As this is aesthetic surgery, the basic indication is a cosmetically significant excess of lower lid skin or fat herniation that is surgically correctable. Since lower lid blepharoplasty procedures should not be repeated frequently, surgery should result in enough of an improvement to be beneficial to the patient. The surgeon should have good rapport with the patient, and the patient should have a good understanding of what to expect from the surgery.

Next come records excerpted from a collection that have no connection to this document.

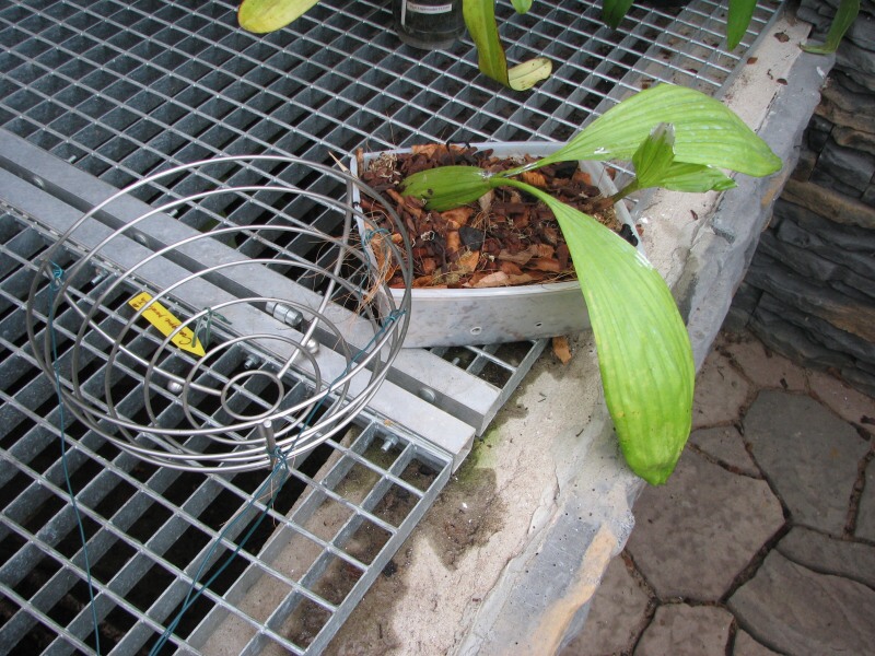 Když jsem si Coelogyne panduratu vezla od p.Mandlíka (oddělenou o 4 pahlízkách) strašně jsem se bála že mě umře.A hlavně jak mu to pak budu vysvětlovat . Jela jsem autobusem domu a kytičku jsem držela jak největší svátost-fakt mám ráda kytky s příběhem. Bylo to tak-při návštěvě v jeho skleníku -říká co bych vám ještě dal? A ......šmik(byla oddělená od mateřské rostliny) a panduráta byla moje.Na jeho radu jsem ji dala do nízké misky Substrát je podle mě -drobnější coco chips+rašeliník.(Hnojená kravincem.)Protože je taková neskladnější(vytváří dlouhý rhizom-ale jak kdy) -nešlo to do misky zatočit nešlo a nešlo. Jednu pahlízku jsem ustřihla- no náhodou to vyšlo a chytlo se vše.Proto pak kvetla 2x z obou pahlízek. Pěstování jak ji mám já- Mám ji opravdu celoročně na jižním okně asi 30cm od okna. Vlhkost v cihlovém domu tak 50-60% .V létě mám okno vyklopený stále -tak vlhkost dostává přes den určitě zabrat. Používám žaluzie-otevřené napůl. Rostla pěkně-nikdy ji sluníčko nespálilo.Používám ještě větráčky od pc. V létě Coelogyne pandurata vytvořila ohromnou pahlízku. Chtěla jsem ji mít ještě jednou a to ve skleníku.(už vím že to nejde mám tam 13°C v noci,to je málo)Tak jsem si řekla už to jednou vyšlo tak jsem tu velkou pahlízku i se začínajícím výhonem-ustřihla.Dala jsem ji do košíku-a do skleníku.No vyhodnocení-nic moc-foto. Podvědomně si pamatuju že p.Mandlík říkal něco jako ,že v košíku řádně nezakoření.Ale heslo by mělo být-když ti něco jde tak to sakra neměň. Dneska jsem ji opatrně vrátila do původní misky jak ten první oddělek.(Oddělená pahlízka se nejprve hodně ztenčila-ale ted zase pomalu nabývá velikosti .)Kytička moc kořenů neměla.A je zase doma na jihu. Myslím ,že těd je málo sluníčka i mě nové výhony pomalu rostou ale den se už prodlužuje- ty kytky to musí cítit a vše půjde jak má.
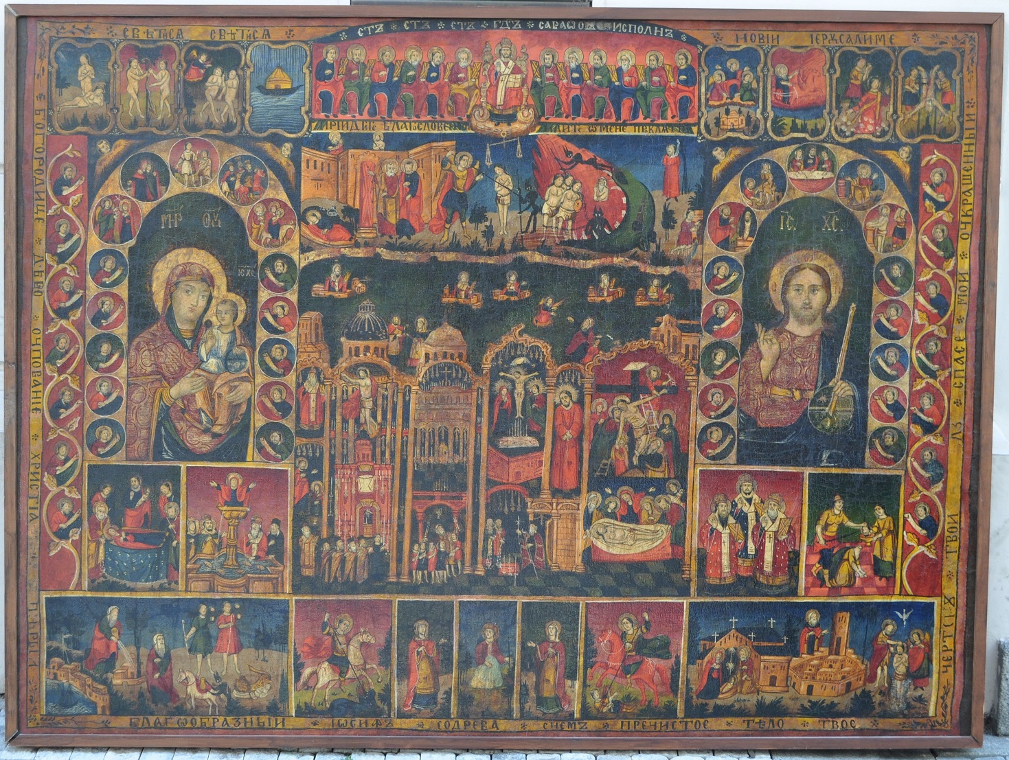 olej na plátně v ikonopisném pojetí, rozdělený jako ikonostas s hlavními postavami Krista Pantokratora (Krista Soudce) a Bohorodičky (Hodégetrie), s apoštoly a proroky a s výjevy ze Starého a především Nového zákona, rozměrné plátno s šířkou 172 cm a výškou 127 cm, oblast Haliče (západní Ukrajina), 1. polovina 19. století; odborně restaurováno; znalecký posudek, osvědčení NPÚ k trvalému vývozu
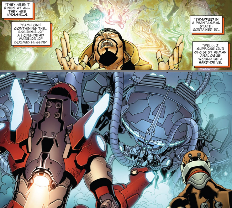 Recientemente, Marvel Comics presentó un nuevo conjunto de Diez Anillos manejados por Shang-Chi que se asemejan más a cómo las películas los reinventaron. Sin embargo, los Diez Anillos originales han pertenecido durante mucho tiempo al Mandarín, quien los rescató de una nave espacial Makluan en su juventud. El mandarín luego afirmó que no eran anillos en absoluto, sino dispositivos de almacenamiento futuristas, cada uno de los cuales se usaba para guardar los recuerdos y las habilidades de un antiguo guerrero alienígena. Estos guerreros querían nuevos cuerpos capaces de abandonar la Tierra, y no había nadie mejor para crearlos que el Vengador acorazado.
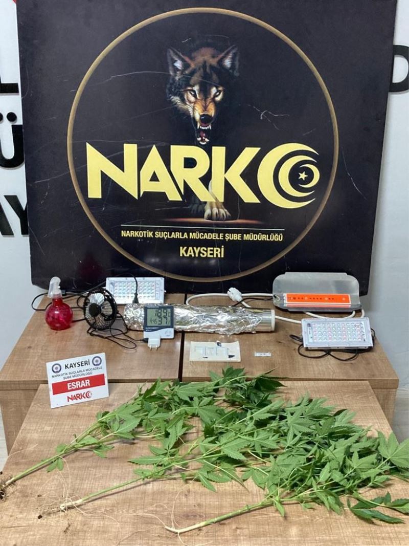 Kayseri polisi, evinin odasına kurduğu özel düzenek ile Hint keneviri yetiştiren yabancı uyruklu şahsı, düzenlediği operasyonla kıskıvrak yakaladı.

Patients with significant excess skin and redundant orbicularis are best treated with a transcutaneous approach. The transconjunctival approach is best utilized when there is little or no need to excise skin, a visible scar is very undesirable (as in young male), and the lid is lax enough to permit surgical exposure. This approach requires the surgeon to have more familiarity with eyelid anatomy. This is also a good approach as a reoperative procedure to remove residual fat.
There are several important points to remember about the lower eyelid anatomy during blepharoplasty.

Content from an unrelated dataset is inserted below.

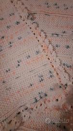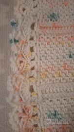 copertina fatta a mano uncinetto mis. 64 x 84 cm ca. Lana acrilico color panna di base e verde, arancio/rosa , e giallo.
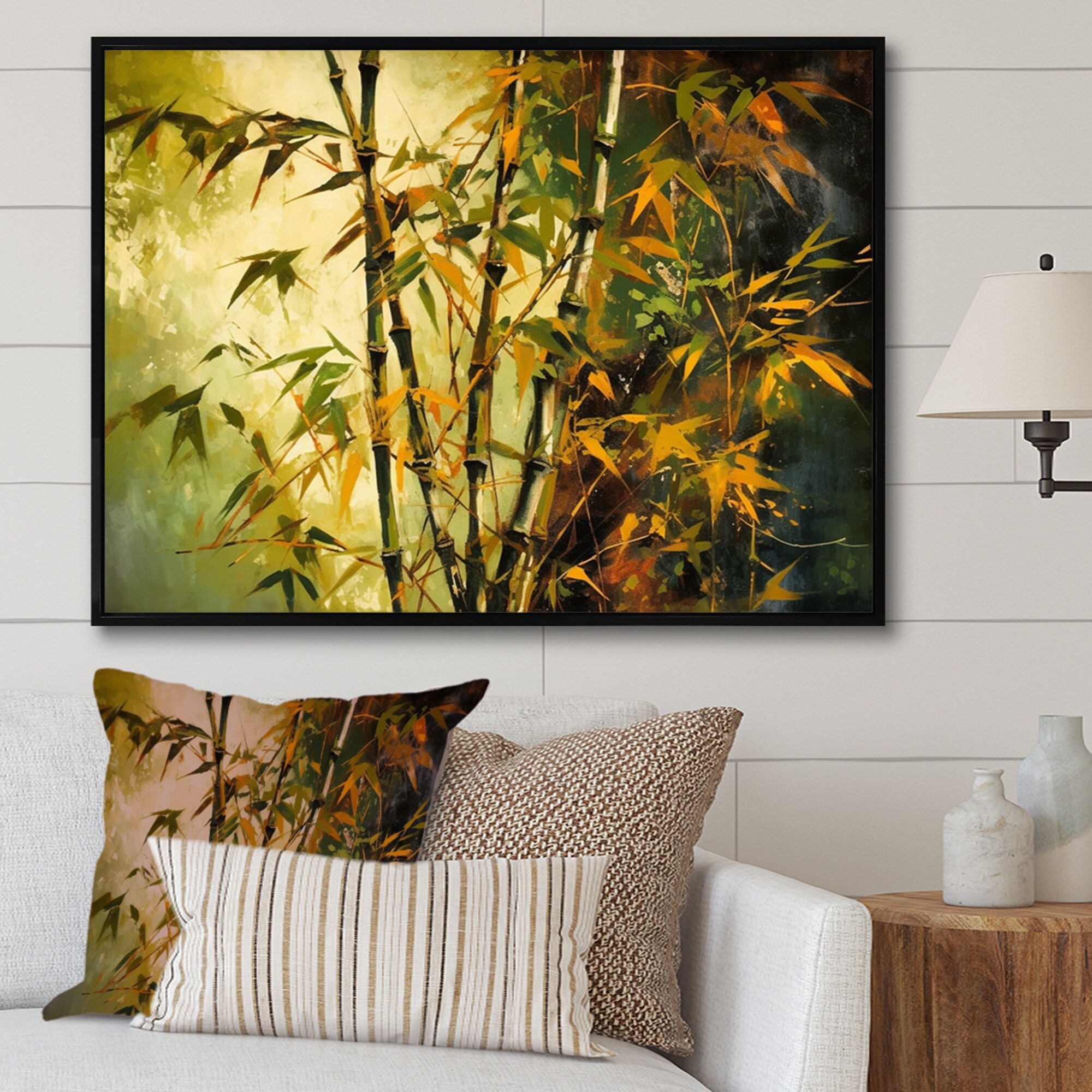 Designart "Yellow Floral Bamboo Oasis" Floral Framed Canvas Wall Art

The pretarsal orbicularis is responsible for lid apposition and blink. Preservation of as much of its function as possible is desirable. Care should be taken not to excise too much muscle or to separate the muscle from its nerve supply.
The orbicularis, particularly the preseptal orbicularis, can become redundant along with the skin and, therefore, should be excised. Marked redundancy of the orbicularis along the infralateral orbital rim is referred to as festoons.
The retractors of the lower eyelid consist of the capsulopalpebral fascia and Müller’s muscle. The capsulopalpebral fascia begins as the capsulopalpebral head, with fine fibrous connections to the inferior rectus muscle and tendon. The capsulopalpebral head divides into two portions as it extends around and fuses with the sheath of the inferior oblique muscle. Anterior to the inferior oblique muscle, these two branches rejoin to form the Lockwood’s ligament. The fascial tissue anterior to the Lockwood’s ligament is the capsulopalpebral fascia. A large portion of the capsulopalpebral fascia ascends the lower eyelid to insert onto the inferior margin of the tarsal plate. The inferior oblique muscle originates from behind the posterior lacrimal crest, several millimeters behind the orbital rim. It can be damaged during lower eyelid blepharoplasty, particularly the transconjunctival approach.
Because the orbital septum is attached to the inferior orbital rim, an adhesion between the cut edge of the septum and the movable portion of the lid could result in downward tethering of the lid.
Appropriate oral or injectable sedatives may be given before injection of the local anesthetic. The patient must be reasonably alert to cooperate in assessing the amount of skin for removal.
A mixture of 6 ml of lidocaine with 1:100,000 epinephrine plus 3 ml of plain lidocaine plus 1 ml of 8.4% sodium bicarbonate gives effective local anesthesia and vasoconstriction. The 1:166,000 dilution of epinephrine concentration avoids overconstriction of blood vessels, which can result in rebound dilation after surgery and postoperative bleeding. After placing a drop of topical proparacaine in the cul-de-sac, an infraorbital nerve block may be given. This is accomplished by transconjunctival injecting over the infraorbital foramen, located about 1 cm below the midinferior orbital rim. A small amount of anesthetic is also injected along the preseptal and infraciliary region of the lid. Gentle pressure at this point minimizes hematoma formation. Since epinephrine takes 8 to 10 minutes to take effect, the incision should be delayed appropriately. The patient is then prepared and draped. It is essential that surgical drapes do not distort the facial skin, which can result in an overestimation or underestimation of the amount of skin removal. Slight reverse Trendelenburg positioning is preferred to minimize orbital venous pressure and to more closely approximate the effect of gravity on the cheeks.